→ Directions
Nothing but the records themselves, exactly as written, should appear in the reply; leave out the pictures.
=== Section Start ===
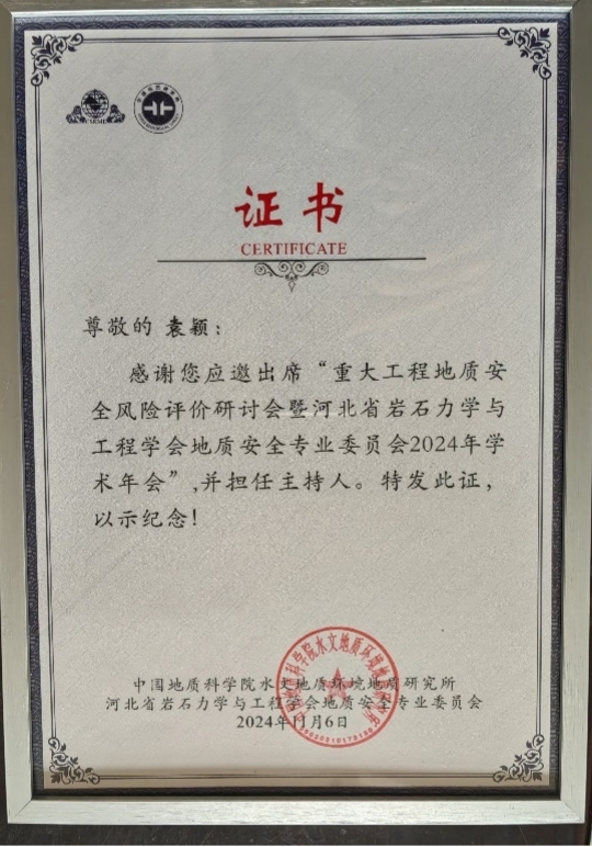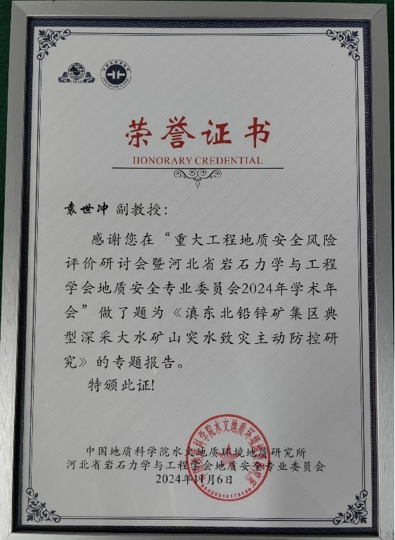 2024年11月6日,由河北省岩石力学与工程学会地质安全专业委员会发起,中国地质科学院水文地质环境地质研究所主办,河北地质大学、中国煤炭地质总局水文地质局等单位协办的“重大工程地质安全风险评价研讨会暨河北省岩石力学与工程学会地质安全专业委员会2024年学术年会”在石家庄成功举办。来自工程地质相关领域的专家学者齐聚一堂,分享最新的研究成果和技术进展。我院袁颖院长、杜国梁、孙石达、袁世冲、张文松、王昕老师和地质灾害防治与地质环境保护团队的研究生参与会议。其中,袁颖院长担任了专题报告主持人,孙石达老师作了题为《新疆北部三维磁性结构及其与天然地震分布规律的关系》的报告,袁世冲老师作了题为《滇东北铅锌矿集区典型深采大水矿山突水致灾主动防控研究》的报告。本次会议的成功举办,不仅为地质安全相关领域的专家学者提供了一个高水平的学术交流平台,也为推动地质灾害防治技术的创新与实践应用奠定了坚实的基础,加强了我校与中国地质科学院水文地质环境地质研究所、中国煤炭地质总局水文地质局等相关单位的交流与合作。
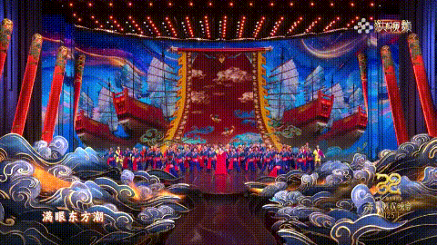 《潮起舞英歌》在保留英歌舞經典動作基礎上,借鑒流行音樂的曲式結構,融入潮州音樂家的創作,引用潮州大鑼鼓曲目《盛世歡歌》的部分樂句。38位來自廣東潮汕英歌隊的演員中,「小萌娃」領舞陳楷銘年僅7歲,激情四溢、氣場非凡;少女陳錦珊一襲粉裝,柔韌身姿暗藏千鈞之力。網友驚嘆:「鼓槌翻飛,步伐鏗鏘,氣勢如虹!」
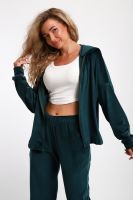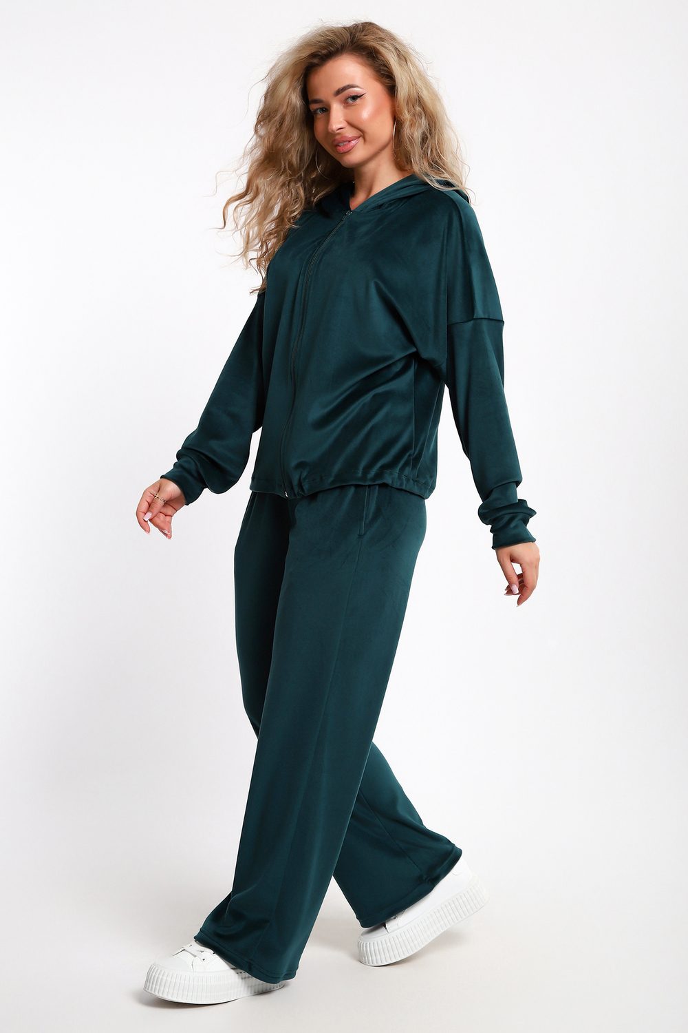 Костюм женский велюровый состоит из толстовки на молнии и брюк. Толстовка с глубоким капюшоном, по низу утягивающий шнур с фиксаторами, рукав спущенный с манжетом, брюки прямые с карманами. Костюм мягкий, удобный, отлично подойдет для дома, прогулок и отдыха.
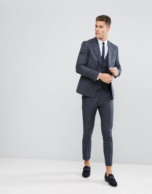 River Island – Enger Anzug mit Karomuster in Dunkelgrau
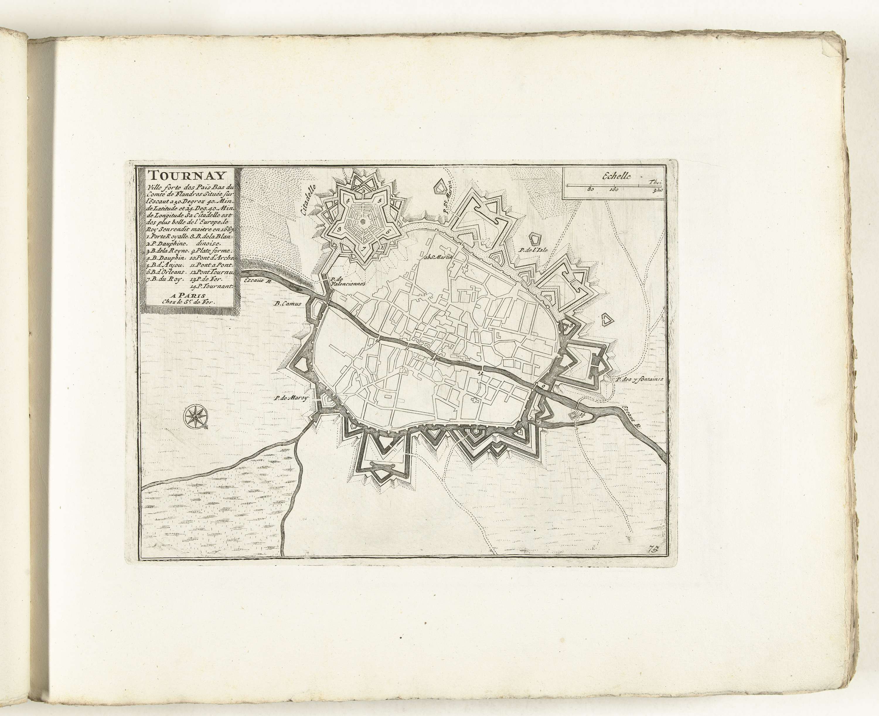 Plattegrond van Tournai, ca. 1702
=== Section End ===
→ Answer box
 2024年11月6日,由河北省岩石力学与工程学会地质安全专业委员会发起,中国地质科学院水文地质环境地质研究所主办,河北地质大学、中国煤炭地质总局水文地质局等单位协办的“重大工程地质安全风险评价研讨会暨河北省岩石力学与工程学会地质安全专业委员会2024年学术年会”在石家庄成功举办。来自工程地质相关领域的专家学者齐聚一堂,分享最新的研究成果和技术进展。我院袁颖院长、杜国梁、孙石达、袁世冲、张文松、王昕老师和地质灾害防治与地质环境保护团队的研究生参与会议。其中,袁颖院长担任了专题报告主持人,孙石达老师作了题为《新疆北部三维磁性结构及其与天然地震分布规律的关系》的报告,袁世冲老师作了题为《滇东北铅锌矿集区典型深采大水矿山突水致灾主动防控研究》的报告。本次会议的成功举办,不仅为地质安全相关领域的专家学者提供了一个高水平的学术交流平台,也为推动地质灾害防治技术的创新与实践应用奠定了坚实的基础,加强了我校与中国地质科学院水文地质环境地质研究所、中国煤炭地质总局水文地质局等相关单位的交流与合作。
 《潮起舞英歌》在保留英歌舞經典動作基礎上,借鑒流行音樂的曲式結構,融入潮州音樂家的創作,引用潮州大鑼鼓曲目《盛世歡歌》的部分樂句。38位來自廣東潮汕英歌隊的演員中,「小萌娃」領舞陳楷銘年僅7歲,激情四溢、氣場非凡;少女陳錦珊一襲粉裝,柔韌身姿暗藏千鈞之力。網友驚嘆:「鼓槌翻飛,步伐鏗鏘,氣勢如虹!」
 Костюм женский велюровый состоит из толстовки на молнии и брюк. Толстовка с глубоким капюшоном, по низу утягивающий шнур с фиксаторами, рукав спущенный с манжетом, брюки прямые с карманами. Костюм мягкий, удобный, отлично подойдет для дома, прогулок и отдыха.
 River Island – Enger Anzug mit Karomuster in Dunkelgrau
 Plattegrond van Tournai, ca. 1702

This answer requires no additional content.